◆ **Data for this exercise**
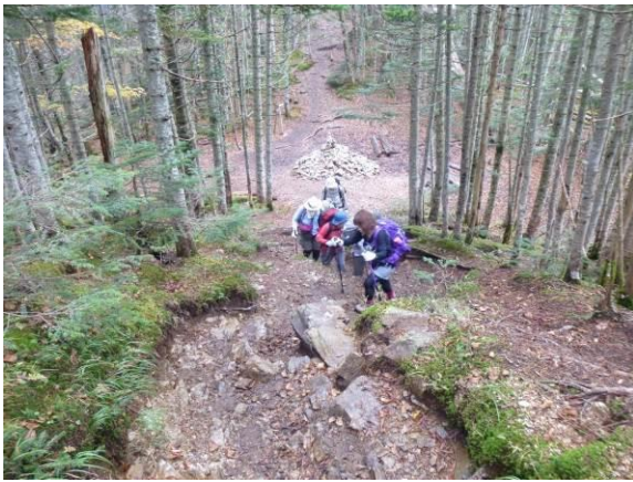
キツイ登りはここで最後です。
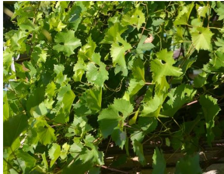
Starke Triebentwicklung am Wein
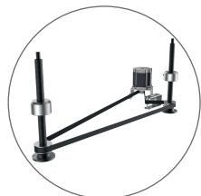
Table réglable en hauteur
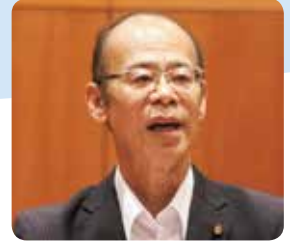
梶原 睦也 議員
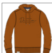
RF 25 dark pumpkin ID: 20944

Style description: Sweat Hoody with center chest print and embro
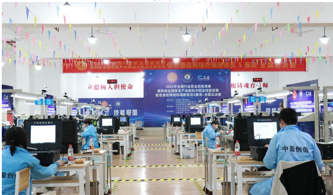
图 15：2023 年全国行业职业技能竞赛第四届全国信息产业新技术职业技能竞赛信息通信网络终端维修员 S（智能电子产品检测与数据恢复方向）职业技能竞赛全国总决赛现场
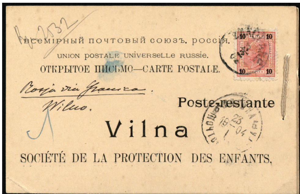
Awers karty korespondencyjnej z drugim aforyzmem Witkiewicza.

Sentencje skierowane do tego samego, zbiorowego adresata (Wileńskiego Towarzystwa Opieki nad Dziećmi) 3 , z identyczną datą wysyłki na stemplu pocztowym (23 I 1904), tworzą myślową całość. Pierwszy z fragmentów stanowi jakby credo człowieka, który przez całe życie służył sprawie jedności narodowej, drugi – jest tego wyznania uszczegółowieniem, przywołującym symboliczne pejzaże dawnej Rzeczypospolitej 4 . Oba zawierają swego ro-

...

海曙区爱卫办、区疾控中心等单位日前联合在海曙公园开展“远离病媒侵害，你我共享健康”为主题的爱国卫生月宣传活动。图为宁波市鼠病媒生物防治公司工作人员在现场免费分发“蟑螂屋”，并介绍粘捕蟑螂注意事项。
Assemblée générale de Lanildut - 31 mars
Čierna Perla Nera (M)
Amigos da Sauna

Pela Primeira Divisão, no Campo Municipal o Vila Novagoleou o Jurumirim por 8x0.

◆ **Activity**
Give again, exactly as written above, each line from the one that has "Table réglable en hauteur" to the one that has "Awers karty korespondencyjnej", both included; omit the pictures.

◆ **Solution to the exercise**
Table réglable en hauteur
梶原 睦也 議員
RF 25 dark pumpkin ID: 20944

Style description: Sweat Hoody with center chest print and embro
图 15：2023 年全国行业职业技能竞赛第四届全国信息产业新技术职业技能竞赛信息通信网络终端维修员 S（智能电子产品检测与数据恢复方向）职业技能竞赛全国总决赛现场
Awers karty korespondencyjnej z drugim aforyzmem Witkiewicza.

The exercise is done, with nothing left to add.